Description of the task:
Below are records with pictures. Transcribe exactly, and only, the lines from the line with "后来看到报道,又来了反转,说" to the line with "CASAIM中科院广州电子智", both ends included, but not the pictures.

Material for this exercise:
────

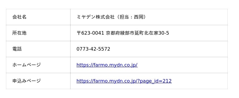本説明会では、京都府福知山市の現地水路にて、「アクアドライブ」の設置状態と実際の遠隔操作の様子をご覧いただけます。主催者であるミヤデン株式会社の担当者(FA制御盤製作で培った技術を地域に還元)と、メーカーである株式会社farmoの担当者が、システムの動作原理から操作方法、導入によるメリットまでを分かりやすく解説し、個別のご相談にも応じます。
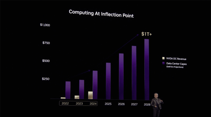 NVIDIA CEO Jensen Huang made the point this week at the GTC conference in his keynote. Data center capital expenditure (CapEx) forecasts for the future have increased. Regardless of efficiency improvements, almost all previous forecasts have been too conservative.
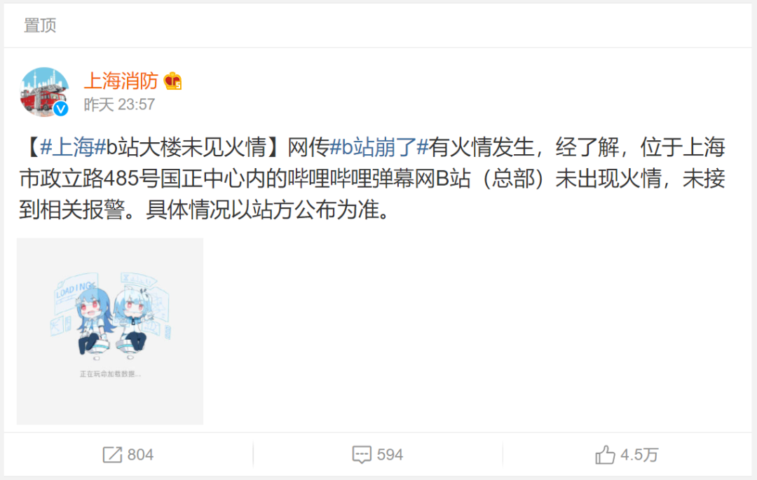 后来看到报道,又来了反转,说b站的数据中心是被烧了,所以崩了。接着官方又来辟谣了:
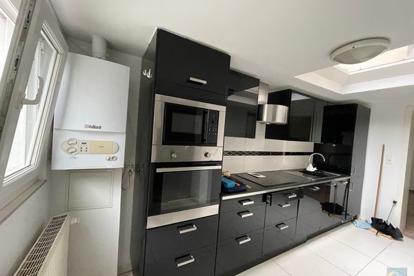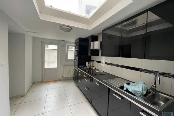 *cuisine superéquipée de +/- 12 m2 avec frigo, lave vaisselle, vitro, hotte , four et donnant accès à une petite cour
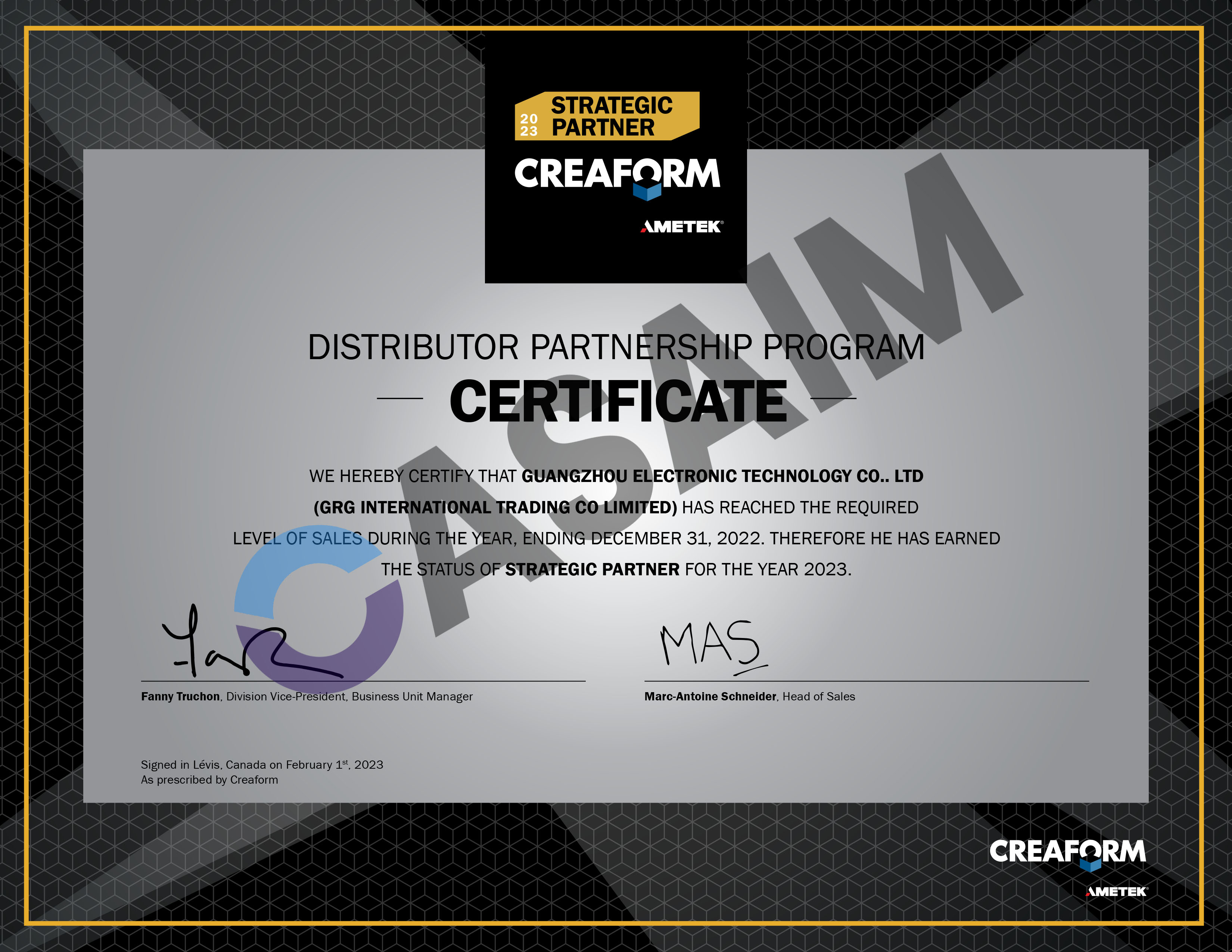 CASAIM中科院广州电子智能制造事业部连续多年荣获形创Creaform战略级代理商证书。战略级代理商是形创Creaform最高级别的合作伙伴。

────

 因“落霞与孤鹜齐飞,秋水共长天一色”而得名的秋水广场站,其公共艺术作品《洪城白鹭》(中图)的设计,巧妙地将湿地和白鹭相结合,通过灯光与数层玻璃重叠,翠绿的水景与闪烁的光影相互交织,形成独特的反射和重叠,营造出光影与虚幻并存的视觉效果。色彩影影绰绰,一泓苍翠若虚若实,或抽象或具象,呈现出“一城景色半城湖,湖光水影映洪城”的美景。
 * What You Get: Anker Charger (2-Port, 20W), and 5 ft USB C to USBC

────

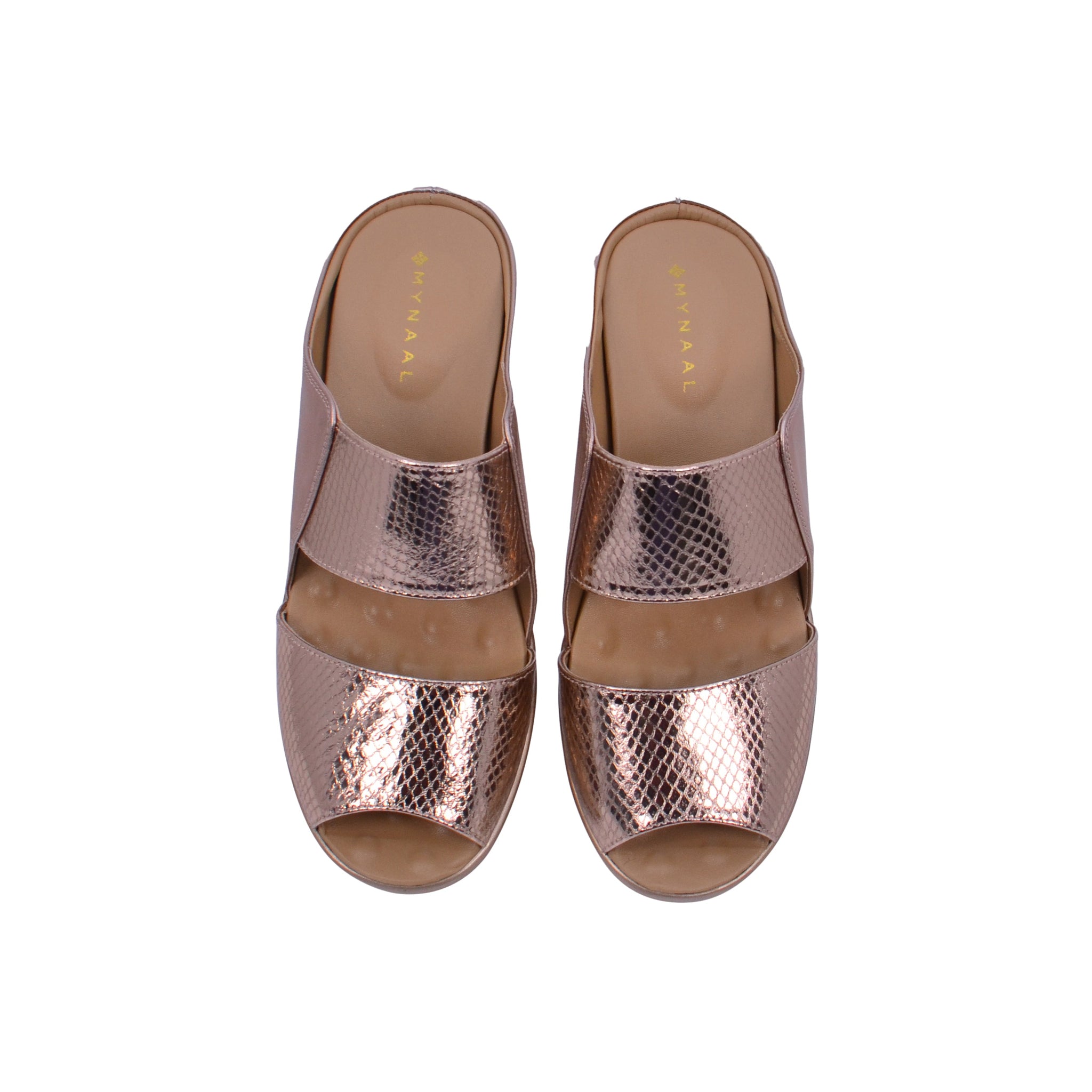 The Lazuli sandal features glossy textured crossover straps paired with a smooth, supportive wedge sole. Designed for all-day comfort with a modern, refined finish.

────

Response area:
 后来看到报道,又来了反转,说b站的数据中心是被烧了,所以崩了。接着官方又来辟谣了:
 *cuisine superéquipée de +/- 12 m2 avec frigo, lave vaisselle, vitro, hotte , four et donnant accès à une petite cour
 CASAIM中科院广州电子智能制造事业部连续多年荣获形创Creaform战略级代理商证书。战略级代理商是形创Creaform最高级别的合作伙伴。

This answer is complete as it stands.